#### Exercise goal
The records below must be transcribed exactly, with each picture left out.

Saved data entries:
* * * * * * *
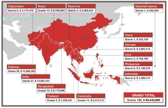 The Stop TB Partnership’s TB REACH initiative [17] was established in 2009 to bring new ideas and thinking to promote bold action in the fight against TB. With foundational support from Global Affairs Canada, and additional support from USAID and The Bill and Melinda Gates Foundation, TB REACH provides rapid funding to partners to quickly implement case finding and treatment support interventions whilst conducting continuous monitoring and evaluation. Despite a focus on service delivery, each TB REACH project is given strong independent monitoring and evaluation support to track historical and prospective TB notification data as well as intervention specific indicators, so results are rigorously documented. TB REACH works with innovators and grassroots organizations, testing new approaches and technologies that many traditional donors, are less inclined to support. With eight waves of funding, TB REACH has provided USD 63.4 million to countries in the Asia-Pacific region through 134 grants (Figure 1).
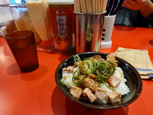 着丼後、素早く「無限ニンニク」と「生姜の千切り」をオンざ丼。
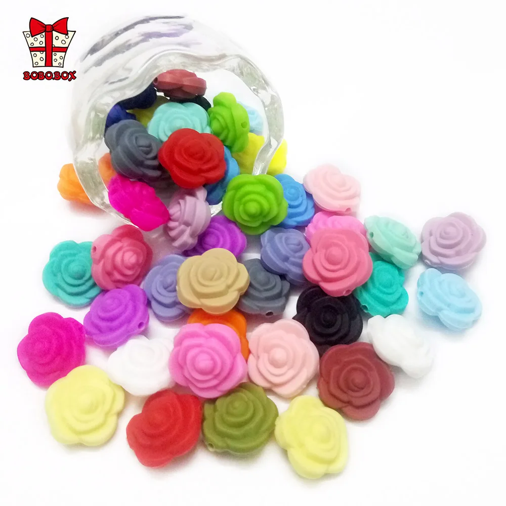 BOBO.BOX 50 шт. силиконовые бусины с розами Двусторонняя Роза 21 мм для ожерелье из жевательной резинки игрушка для прорезывателя силиконовая BPA Free
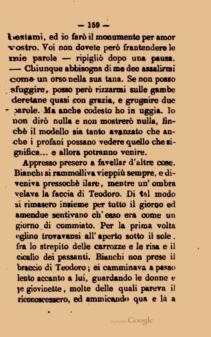 Appresso presero a favellar d'altre cose. Bianchi si rammolliva vieppiù sempre, e diveniva pressoché ilare, mentre un' ombra velava la faccia di Teodoro. Di tal modo si rimasero insieme per tutto il giorno ed amendue sentivano ch'esso era come un giorno di commiato. Per la prima volta eglino trovavansi all' aperto sotto il sole . fra lo strepito delle carrozze e le risa e il cicalio dei passanti. Bianchi non prese il braccio di Teodoro ; ei camminava a passo lento accanto a lui, guardando le donne e je giovinette, molte delle quali pareva il riconoscessero, ed ammicando qua e là a
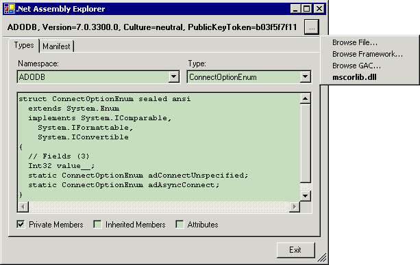 | ПРИМЕЧАНИЕ Да что там утилиты! Целые языки программирования работают исключительно благодаря метаданным. В среде .Net живут скриптовые, безтиповые языки (JScript и VBScript). Их работа основана на расшифровке и использовании метаданных во время исполнения программы. IDispatch отдыхает. |
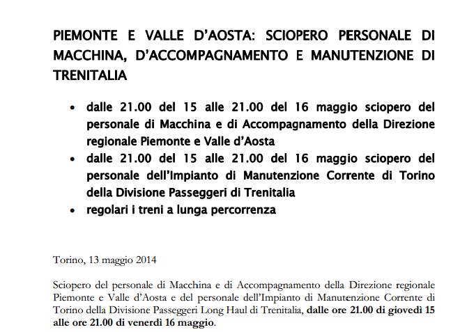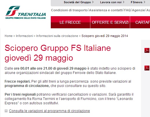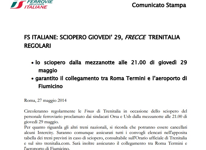ROMA – Giovedì 29 maggio 2014 le organizzazioni sindacali Or.S.A. Ferrovie e Usb Lavoro Privato hanno indetto uno sciopero dei treni della durata di 21 ore, da mezzanotte alle 21.
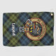 Insignia de Campbell escudo rodeada de una correa y hebilla sobre fondo tartán. Texto personalizado.
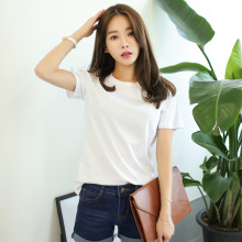 韩版夏装短袖T恤女宽松纯棉纯色百搭上衣大码体恤女士基础打底衫
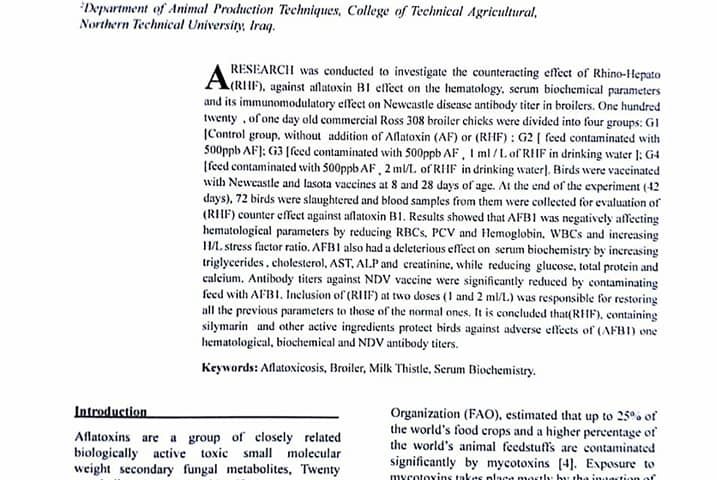 ( Protective Effects of Rhino-Hepato Forte in Broiler chickens )
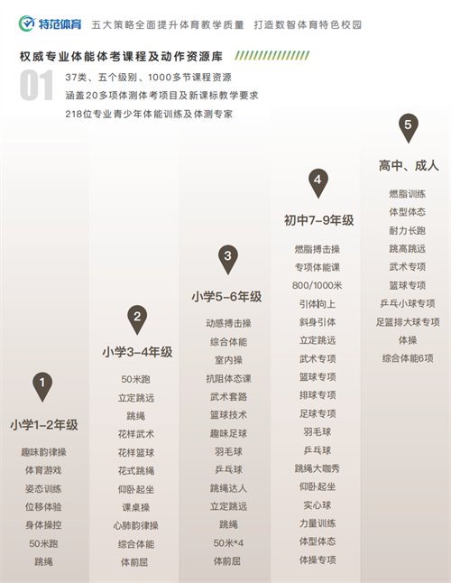 【特范體育】可提供上千節(jié)體育課程,內(nèi)容包含體考20余項(xiàng)內(nèi)容,搏擊操、韻律操、課桌操、籃球、小器械循環(huán)等主題。智能臂帶采集運(yùn)動(dòng)數(shù)據(jù),保證安全運(yùn)動(dòng)的同時(shí),提供科學(xué)數(shù)據(jù)報(bào)告。
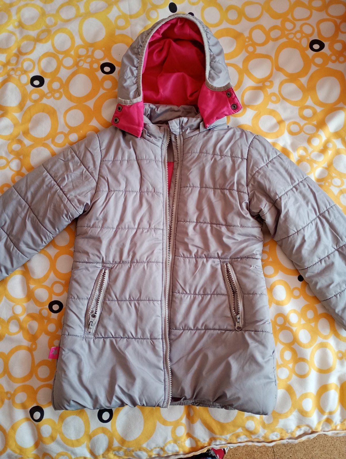 Ponúkam prechodnú vetrovku pre dievčatko na 5 až 7 rokov vetrovka je dlhá s kapucňou 69 cm bez kapucne má 45 cm a rukáv od krku má 52 cm je bez poškodenia a podsita
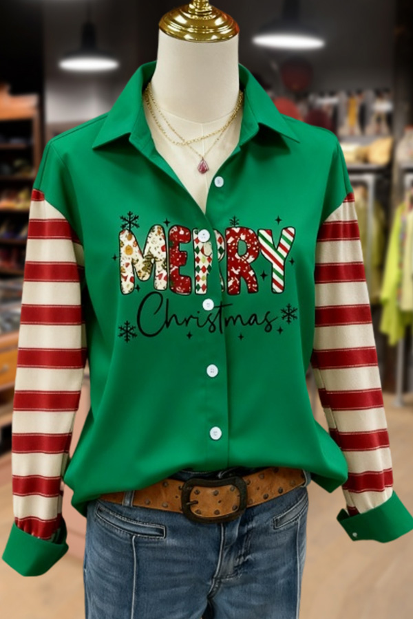 Merry Christmas Striped Long Sleeve Blouse
* * * * * * *
#### Solution
 The Stop TB Partnership’s TB REACH initiative [17] was established in 2009 to bring new ideas and thinking to promote bold action in the fight against TB. With foundational support from Global Affairs Canada, and additional support from USAID and The Bill and Melinda Gates Foundation, TB REACH provides rapid funding to partners to quickly implement case finding and treatment support interventions whilst conducting continuous monitoring and evaluation. Despite a focus on service delivery, each TB REACH project is given strong independent monitoring and evaluation support to track historical and prospective TB notification data as well as intervention specific indicators, so results are rigorously documented. TB REACH works with innovators and grassroots organizations, testing new approaches and technologies that many traditional donors, are less inclined to support. With eight waves of funding, TB REACH has provided USD 63.4 million to countries in the Asia-Pacific region through 134 grants (Figure 1).
 着丼後、素早く「無限ニンニク」と「生姜の千切り」をオンざ丼。
 BOBO.BOX 50 шт. силиконовые бусины с розами Двусторонняя Роза 21 мм для ожерелье из жевательной резинки игрушка для прорезывателя силиконовая BPA Free
 Appresso presero a favellar d'altre cose. Bianchi si rammolliva vieppiù sempre, e diveniva pressoché ilare, mentre un' ombra velava la faccia di Teodoro. Di tal modo si rimasero insieme per tutto il giorno ed amendue sentivano ch'esso era come un giorno di commiato. Per la prima volta eglino trovavansi all' aperto sotto il sole . fra lo strepito delle carrozze e le risa e il cicalio dei passanti. Bianchi non prese il braccio di Teodoro ; ei camminava a passo lento accanto a lui, guardando le donne e je giovinette, molte delle quali pareva il riconoscessero, ed ammicando qua e là a
 | ПРИМЕЧАНИЕ Да что там утилиты! Целые языки программирования работают исключительно благодаря метаданным. В среде .Net живут скриптовые, безтиповые языки (JScript и VBScript). Их работа основана на расшифровке и использовании метаданных во время исполнения программы. IDispatch отдыхает. |
ROMA – Giovedì 29 maggio 2014 le organizzazioni sindacali Or.S.A. Ferrovie e Usb Lavoro Privato hanno indetto uno sciopero dei treni della durata di 21 ore, da mezzanotte alle 21.
 Insignia de Campbell escudo rodeada de una correa y hebilla sobre fondo tartán. Texto personalizado.
 韩版夏装短袖T恤女宽松纯棉纯色百搭上衣大码体恤女士基础打底衫
 ( Protective Effects of Rhino-Hepato Forte in Broiler chickens )
 【特范體育】可提供上千節(jié)體育課程,內(nèi)容包含體考20余項(xiàng)內(nèi)容,搏擊操、韻律操、課桌操、籃球、小器械循環(huán)等主題。智能臂帶采集運(yùn)動(dòng)數(shù)據(jù),保證安全運(yùn)動(dòng)的同時(shí),提供科學(xué)數(shù)據(jù)報(bào)告。
 Ponúkam prechodnú vetrovku pre dievčatko na 5 až 7 rokov vetrovka je dlhá s kapucňou 69 cm bez kapucne má 45 cm a rukáv od krku má 52 cm je bez poškodenia a podsita
 Merry Christmas Striped Long Sleeve Blouse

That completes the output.